▶ Task to carry out: Write the full listing out again, word for word, but omit the pictures.

▶ Data excerpt:
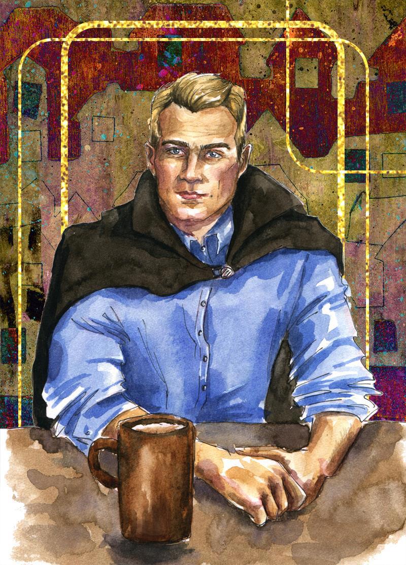 Это Робин, персонаж второстепенный, но для психического здоровья Екатерины - вполне себе первостепенный. По крайней мере, он пытается её поддерживать) Он одного возраста с Джеем - им около сорока, но Джей консервировался в зеркалах, пока Робин служил во благо города. Родинка случайная, но я решила оставить.
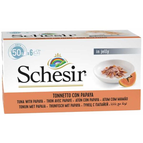 A Schesir recipe based on real tuna fillets , combined with real papaya pieces , for an exotic and original meal . The ingredients are prepared in jelly , to satisfy the taste of cats who prefer a natural flavor , but with a more compact consistency in the bowl. Schesir was the first brand to insert real pieces of fruit in cans for cats , using the results of a study conducted in collaboration with the Department of Veterinary Medical Sciences – Alma Mater Studiorum University of Bologna . The practical multipack of 6 portions of 50 gis the ideal solution to avoid waste!
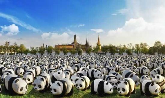 由1600只纸质熊猫组成的熊猫艺术展,提醒人们注意保护生态环境。1600只纸质熊猫的大象代表着自然界仅存的1600只熊猫。

▶ Response to the task:
 Это Робин, персонаж второстепенный, но для психического здоровья Екатерины - вполне себе первостепенный. По крайней мере, он пытается её поддерживать) Он одного возраста с Джеем - им около сорока, но Джей консервировался в зеркалах, пока Робин служил во благо города. Родинка случайная, но я решила оставить.
 A Schesir recipe based on real tuna fillets , combined with real papaya pieces , for an exotic and original meal . The ingredients are prepared in jelly , to satisfy the taste of cats who prefer a natural flavor , but with a more compact consistency in the bowl. Schesir was the first brand to insert real pieces of fruit in cans for cats , using the results of a study conducted in collaboration with the Department of Veterinary Medical Sciences – Alma Mater Studiorum University of Bologna . The practical multipack of 6 portions of 50 gis the ideal solution to avoid waste!
 由1600只纸质熊猫组成的熊猫艺术展,提醒人们注意保护生态环境。1600只纸质熊猫的大象代表着自然界仅存的1600只熊猫。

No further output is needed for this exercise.